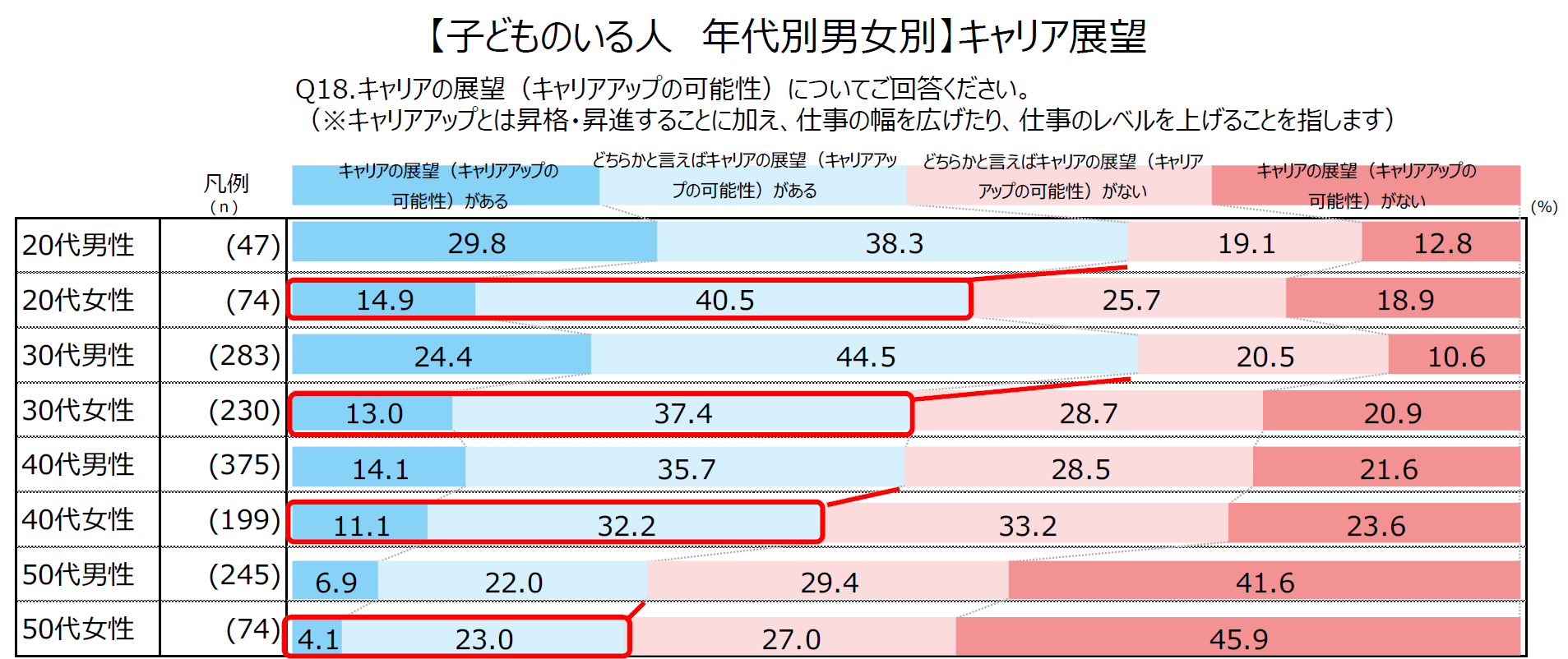 子どものいる人について、キャリアの展望がある人の割合は、どの年代においても女性のほうが少ない
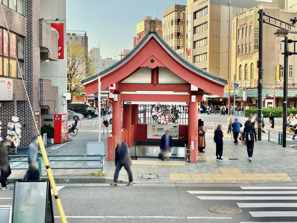 地下鉄銀座線で上野駅ー浅草駅、4番の出入り口
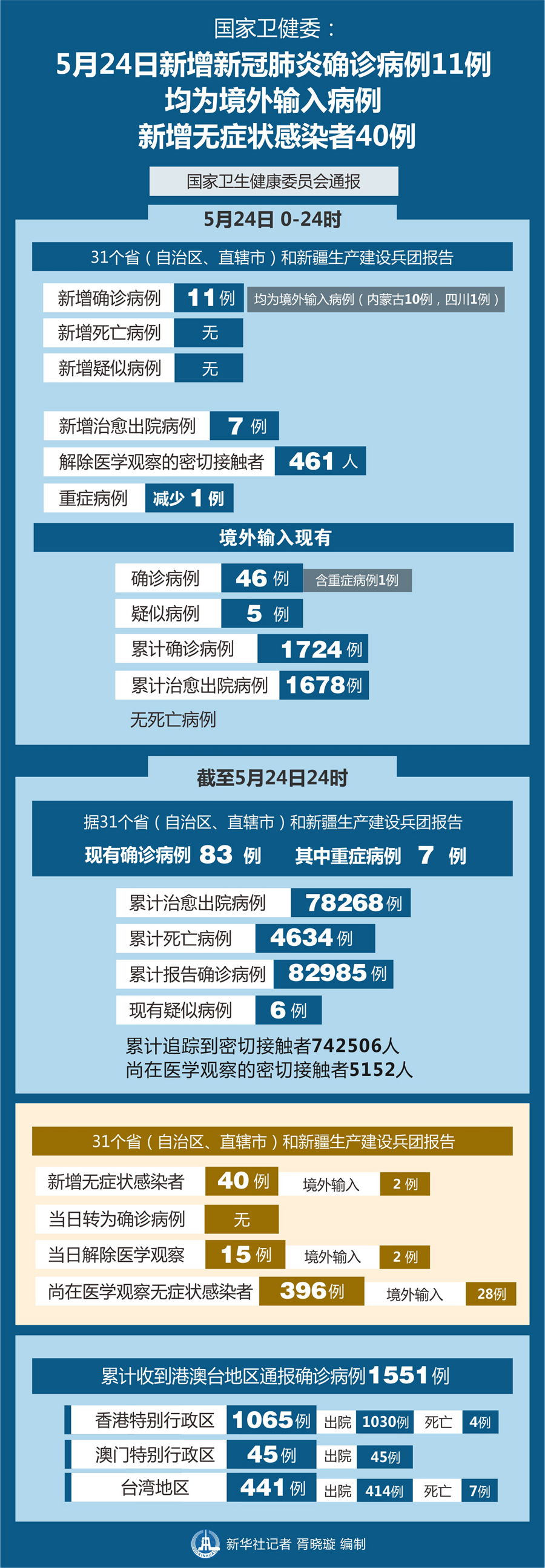 截至5月24日24時(shí),據(jù)31個(gè)?。ㄗ灾螀^(qū)、直轄市)和新疆生產(chǎn)建設(shè)兵團(tuán)報(bào)告,現(xiàn)有確診病例83例(其中重癥病例7例),累計(jì)治愈出院病例78268例,累計(jì)死亡病例4634例,累計(jì)報(bào)告確診病例82985例,現(xiàn)有疑似病例6例。累計(jì)追蹤到密切接觸者742506人,尚在醫(yī)學(xué)觀察的密切接觸者5152人。

★ ★ ★ ★ ★ ★ ★

* _EXERCISE OBJECTIVE_
The output is to be the material in full and unaltered, with pictures omitted.

* _WORKED SOLUTION_
 子どものいる人について、キャリアの展望がある人の割合は、どの年代においても女性のほうが少ない
 地下鉄銀座線で上野駅ー浅草駅、4番の出入り口
 截至5月24日24時(shí),據(jù)31個(gè)?。ㄗ灾螀^(qū)、直轄市)和新疆生產(chǎn)建設(shè)兵團(tuán)報(bào)告,現(xiàn)有確診病例83例(其中重癥病例7例),累計(jì)治愈出院病例78268例,累計(jì)死亡病例4634例,累計(jì)報(bào)告確診病例82985例,現(xiàn)有疑似病例6例。累計(jì)追蹤到密切接觸者742506人,尚在醫(yī)學(xué)觀察的密切接觸者5152人。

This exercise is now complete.